Outside the window, a craft hovered, only half a foot away. It hung in the air, no visible markings on it of any kind. It was smooth, the size of a small refrigerator. The only thing separating them was decades-old plywood. He balled up his fist and shoved it in his mouth to quieten himself. Behind him, Abby also screamed, a loud, piercing wail that could be heard miles away.

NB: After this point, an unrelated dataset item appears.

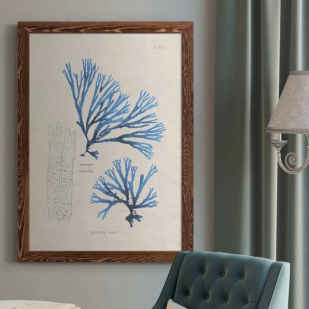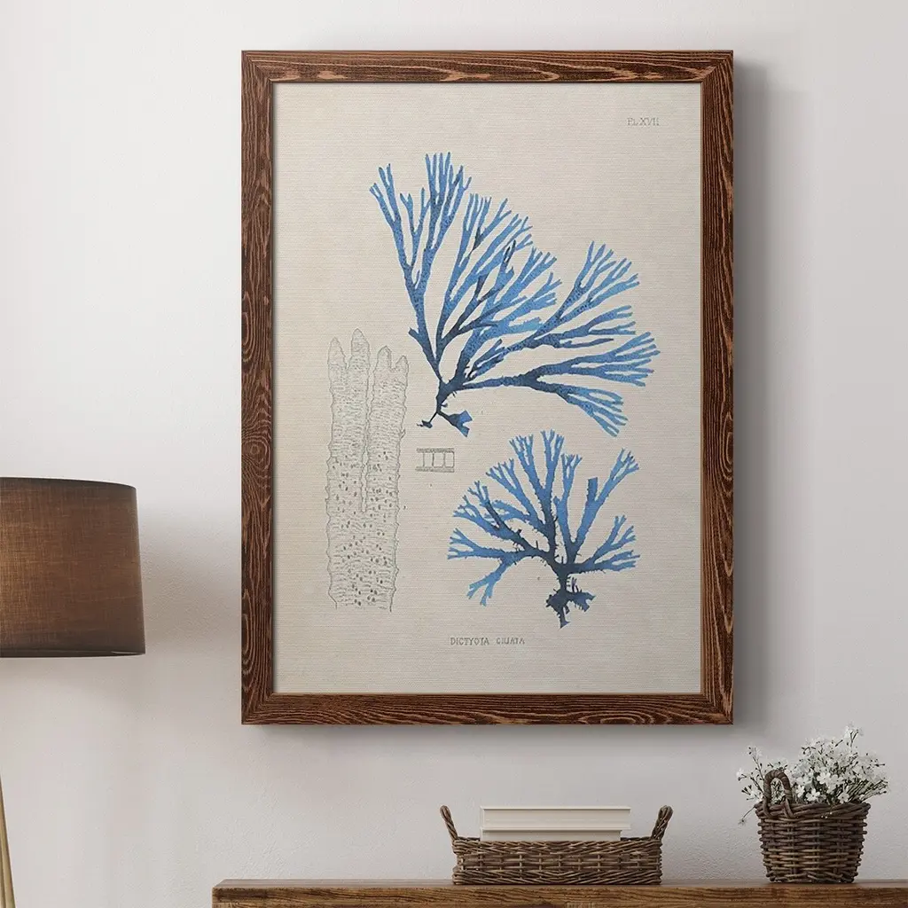 Blue Marine Algae V-Premium Framed Canvas - Ready To Hang - 27.5x37.5 - Walnut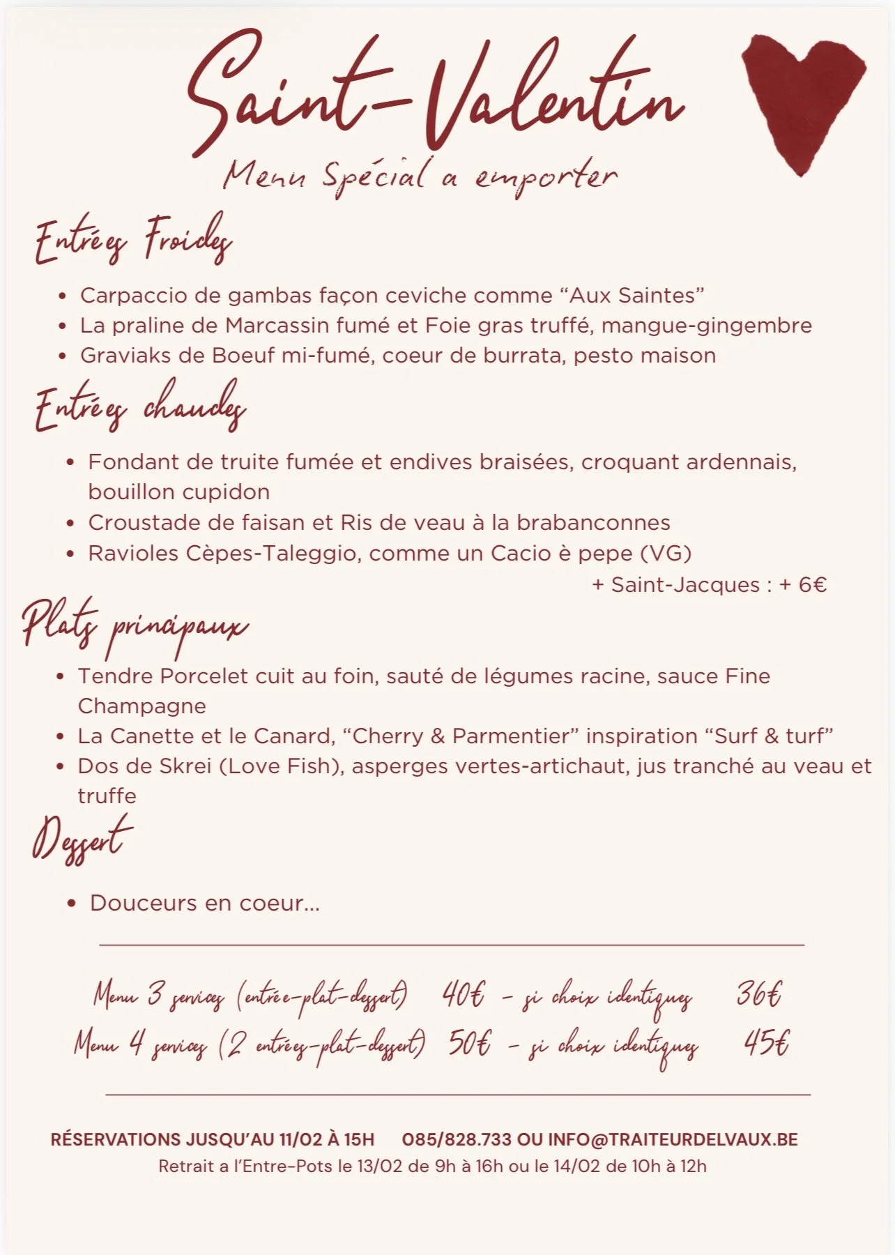 Menu a emporter Saint-Valentin

Heather shushed her, trying to get her to quiet down. Matt turned his head with measured slowness, not wanting to make any sudden movements. Heather had gripped Abby close to her chest and was whispering something in her ear. Her face was bone-white, but she looked at Matt with a steady gaze. None of them moved.
He couldn’t breathe or think. He could only stare at the black object, hypnotized by its existence. This close, he could see all of it. Black. It was so black, it seemed to absorb the light. He couldn’t figure out how it stayed airborne, there was no visible mechanism of propulsion. No seams or screws marred the exterior. Where did the lasers come from? There was no way to tell.
“Why isn’t it doing anything?” Heather whispered.
He couldn’t make his voice work, so he shook his head. One agonizing step at a time, he walked back to the beanbag chair and sat down beside Heather. He reached out for her hand and found it. She squeezed.
“Maybe it can’t shoot us while we’re inside?” he whispered.
“I don’t know.”
There was no way to tell if the object was even facing them. Nothing showed a front or a back. Heather released Abby from her grip and let go of Matt’s hand. She army-crawled forward toward the window.
“Heather,” he whispered.
She ignored him and crawled closer. She reached out a trembling hand and pinched the curtain by the lower corner, keeping herself as flat to the ground as possible. Ever so carefully, she pulled it shut. The thing didn’t move or react. It was impossible to tell what it was doing or what it thought about Heather breaking the line of sight.
None of them moved or said anything until Abby began to cry.
“I want Mommy,” she said.
“I know, Abs.” He hugged her close. “So do I.”
Above Abby’s head, he exchanged a look with Heather. Neither of them needed to say anything. They were trapped.